• [WHAT THE EXERCISE ASKS]: Print all of the records. Exclude the images.

(Records contained in a dataset)

::::::::

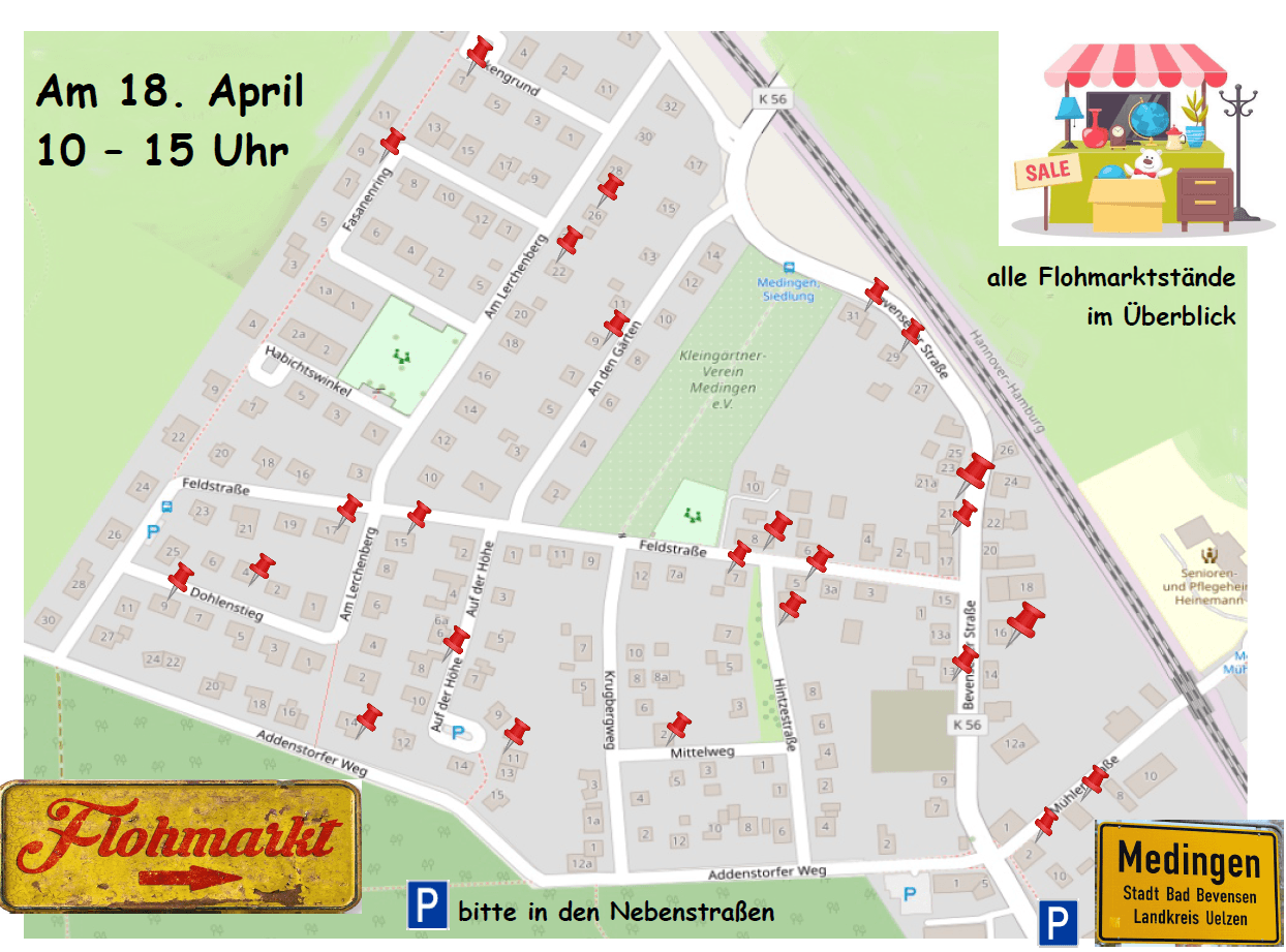Stände findet ihr in der Bevenser Straße, der Feldstraße, „An den Gärten“, am Lerchenberg und mehr...
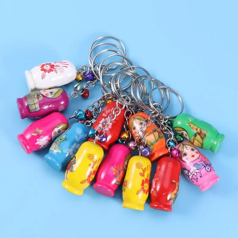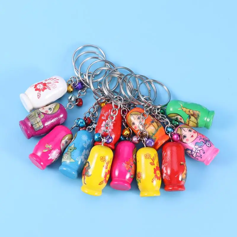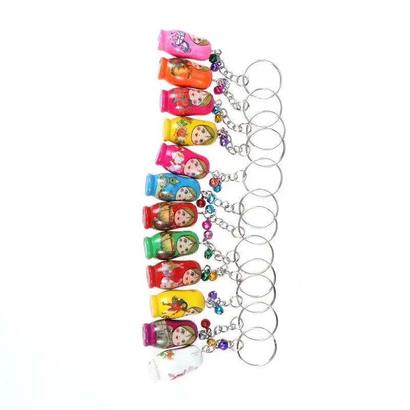 1 x set of 12PCS Creative Key Chains Wood Russian Dolls Key Rings
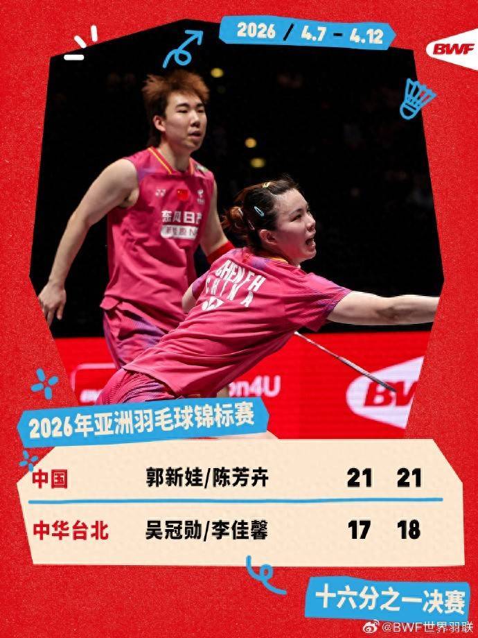 率先出场的是郭新娃/陈芳卉,两东谈主首轮碰上的是中国台北的吴冠勋和李佳馨。算作赛会的六号种子,郭新娃和陈芳卉相接较为证据,实力远在敌手之上,虽未能打出悬殊比分,但仍以21比17、21比18到手取胜晋级第二轮。
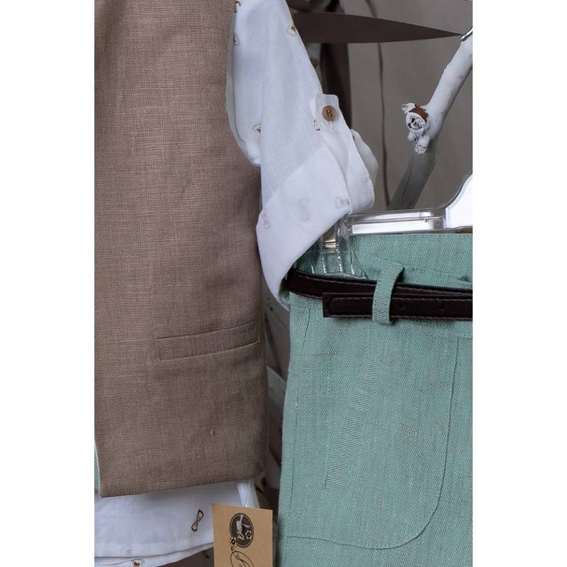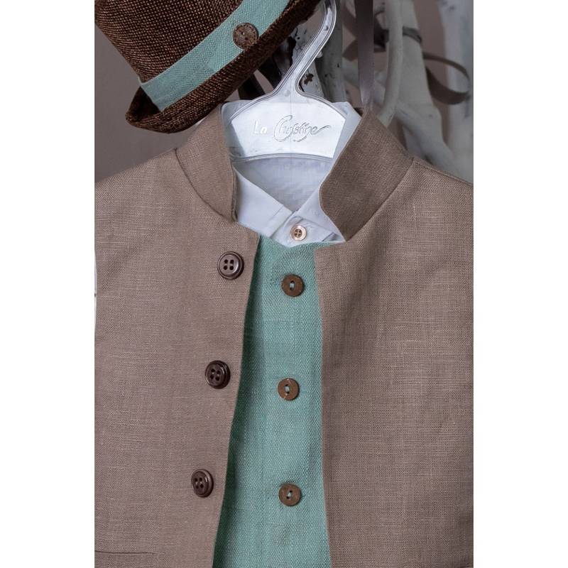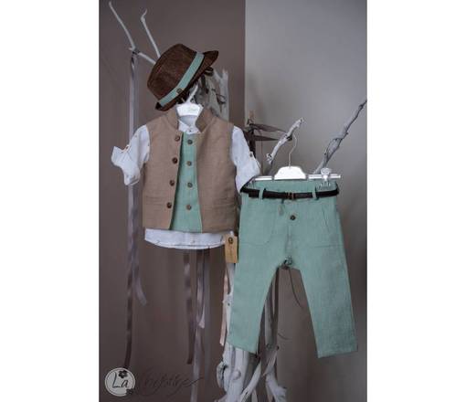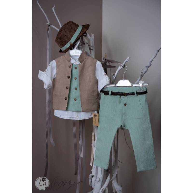 Βαπτιστικό σύνολο το οποίο αποτελείται απο λινό διπλό γιλέκο σε chocolat και μέντα απόχρωση με λινό πουκάμισο με μοτιφάκια απο παπιγιόν, και λινό παντελόνι σε μέντα απόχρωση. Το σύνολο περιλαμβάνει ψάθινο καβουράκι και ζώνη.
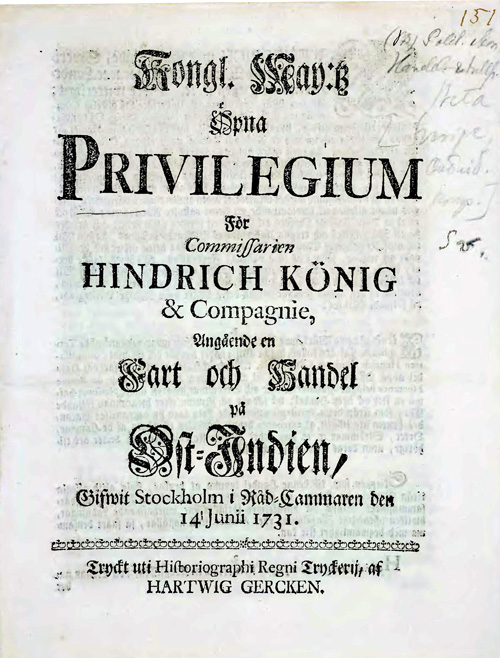 "Il ne faut pas être surpris si tant de Nations ont voulu participer au Commerce des Indes Orientales, puisqu'il n'en est point dans l'Univers de plus riche ni de plus considérable que celui qui s'y fait. C'est de ces Pays féconds, que le Soleil regarde de plus près que les nôtres, qu'on rapporte ce qu'il y a de plus précieux parmi les hommes, et ce qui contribuë le plus soit à la douceur de la vie, soit à l'éclat et à la magnificence. C'est de là qu'on tire les Pierreries ; et que viennent ces marchandises si recherchées, la Soye, la Canelle, le Poivre, le Gérofle, la Muscade, les Toiles de Coton, la Porcelaine, les plus beaux Bois, soit pour les parfums ou les teintures, soit pour la marqueterie et les ouvrages de rapport ; l'Yvoire, l'Indigo, l'Encens ; quelques autres plus récemment en usage, comme le Thé, le Caffé ; en un mot une infnité de choses non seulement nécessaires, mais encore que l'habitude rend telles, dès qu'on y est une fois accoûtumé." (du Fresne de Francheville, Histoire générale et particuliere des Finances, 1738, p. 13, dans : l'"Histoire de la Compagnie des Indes avec les titres de ses Concessions et Priviléges")

::::::::

• [SOLUTION]:
Stände findet ihr in der Bevenser Straße, der Feldstraße, „An den Gärten“, am Lerchenberg und mehr...
 1 x set of 12PCS Creative Key Chains Wood Russian Dolls Key Rings
 率先出场的是郭新娃/陈芳卉,两东谈主首轮碰上的是中国台北的吴冠勋和李佳馨。算作赛会的六号种子,郭新娃和陈芳卉相接较为证据,实力远在敌手之上,虽未能打出悬殊比分,但仍以21比17、21比18到手取胜晋级第二轮。
 Βαπτιστικό σύνολο το οποίο αποτελείται απο λινό διπλό γιλέκο σε chocolat και μέντα απόχρωση με λινό πουκάμισο με μοτιφάκια απο παπιγιόν, και λινό παντελόνι σε μέντα απόχρωση. Το σύνολο περιλαμβάνει ψάθινο καβουράκι και ζώνη.
 "Il ne faut pas être surpris si tant de Nations ont voulu participer au Commerce des Indes Orientales, puisqu'il n'en est point dans l'Univers de plus riche ni de plus considérable que celui qui s'y fait. C'est de ces Pays féconds, que le Soleil regarde de plus près que les nôtres, qu'on rapporte ce qu'il y a de plus précieux parmi les hommes, et ce qui contribuë le plus soit à la douceur de la vie, soit à l'éclat et à la magnificence. C'est de là qu'on tire les Pierreries ; et que viennent ces marchandises si recherchées, la Soye, la Canelle, le Poivre, le Gérofle, la Muscade, les Toiles de Coton, la Porcelaine, les plus beaux Bois, soit pour les parfums ou les teintures, soit pour la marqueterie et les ouvrages de rapport ; l'Yvoire, l'Indigo, l'Encens ; quelques autres plus récemment en usage, comme le Thé, le Caffé ; en un mot une infnité de choses non seulement nécessaires, mais encore que l'habitude rend telles, dès qu'on y est une fois accoûtumé." (du Fresne de Francheville, Histoire générale et particuliere des Finances, 1738, p. 13, dans : l'"Histoire de la Compagnie des Indes avec les titres de ses Concessions et Priviléges")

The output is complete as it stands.